• Your task: Only the lines from the one that contains "Orange, Yellow, and" through the last line of the data below should be duplicated, exactly and without pictures.

• Dataset section:
--------------------------------

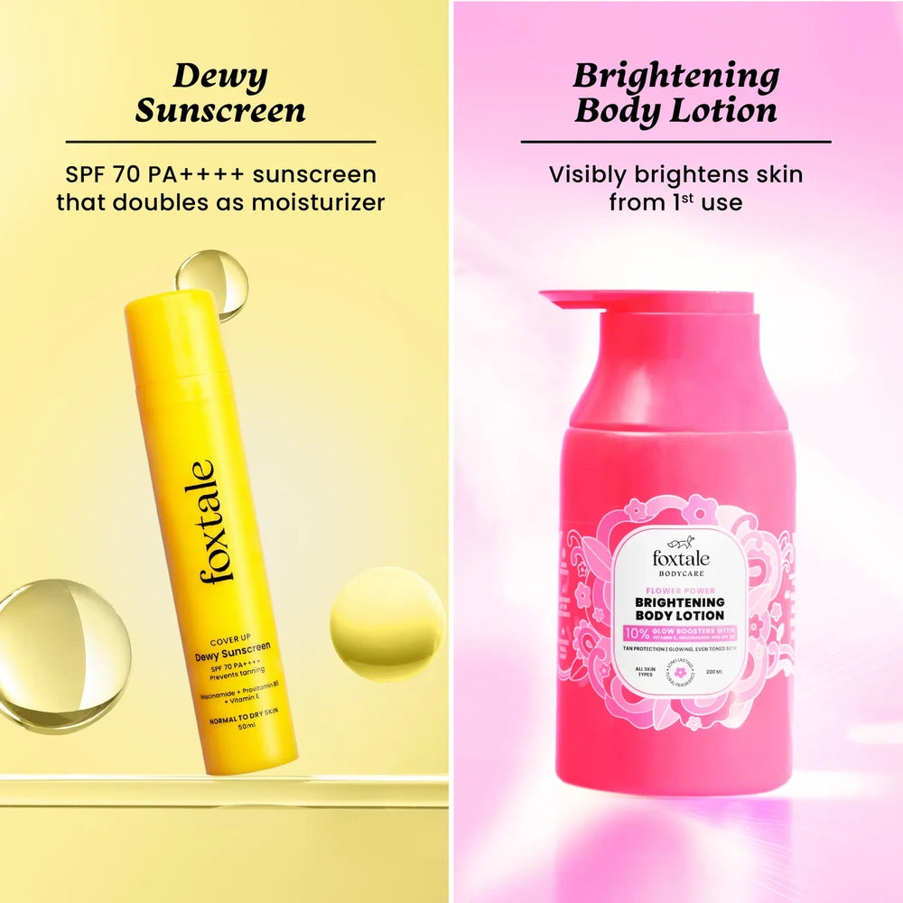 The Foxtale Dewy Defense Kit offers a comprehensive skincare routine with four essential products: sunscreen, moisturizer, face wash, and body lotion. This curated combo is designed to protect, hydrate, cleanse, and nourish your skin, supporting a balanced and healthy complexion. Ideal for daily use, each product works synergistically to defend against environmental stressors while maintaining skin’s natural moisture and clarity. Elevate your skincare regimen with this expertly formulated all-in-one kit.
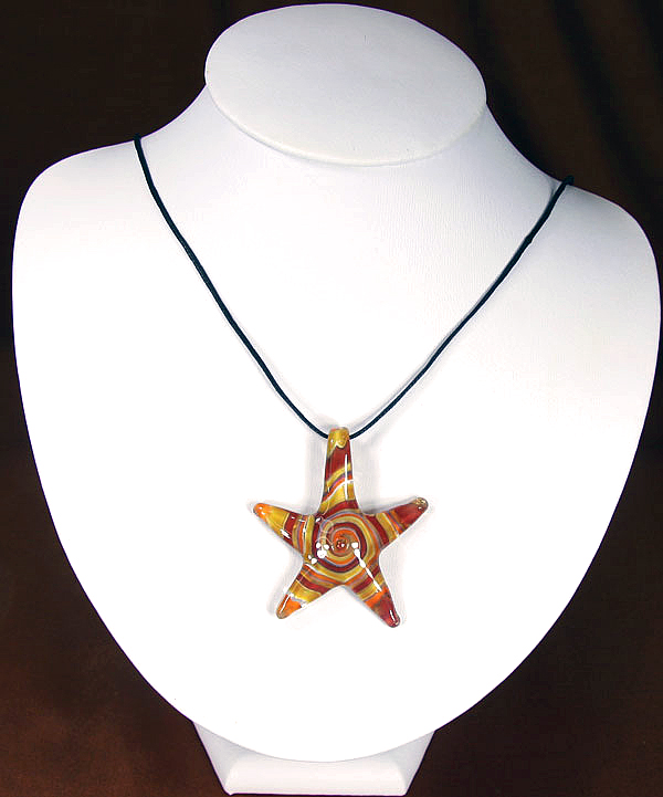 Orange, Yellow, and Red Glass Starfish Necklace by Artist Rosemary Pierro
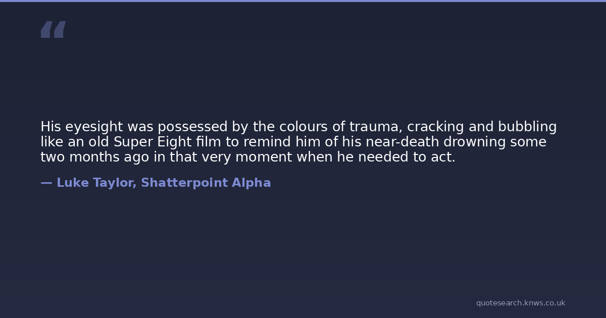His eyesight was possessed by the colours of trauma, cracking and bubbling like an old Super Eight film to remind him of his near-death drowning some two months ago in that very moment when he needed to act.
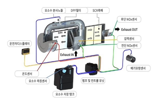 요소수는 요소 성분을 포함하고 있는 물, 차량에 연료와 별도로 주입하는 촉매제로, 경유차에서 나오는 유해한 질소 산화물을 물과 질소로 분해하여 매연을 줄이는 기능을 합니다.

--------------------------------

• Output below:
 Orange, Yellow, and Red Glass Starfish Necklace by Artist Rosemary Pierro
His eyesight was possessed by the colours of trauma, cracking and bubbling like an old Super Eight film to remind him of his near-death drowning some two months ago in that very moment when he needed to act.
 요소수는 요소 성분을 포함하고 있는 물, 차량에 연료와 별도로 주입하는 촉매제로, 경유차에서 나오는 유해한 질소 산화물을 물과 질소로 분해하여 매연을 줄이는 기능을 합니다.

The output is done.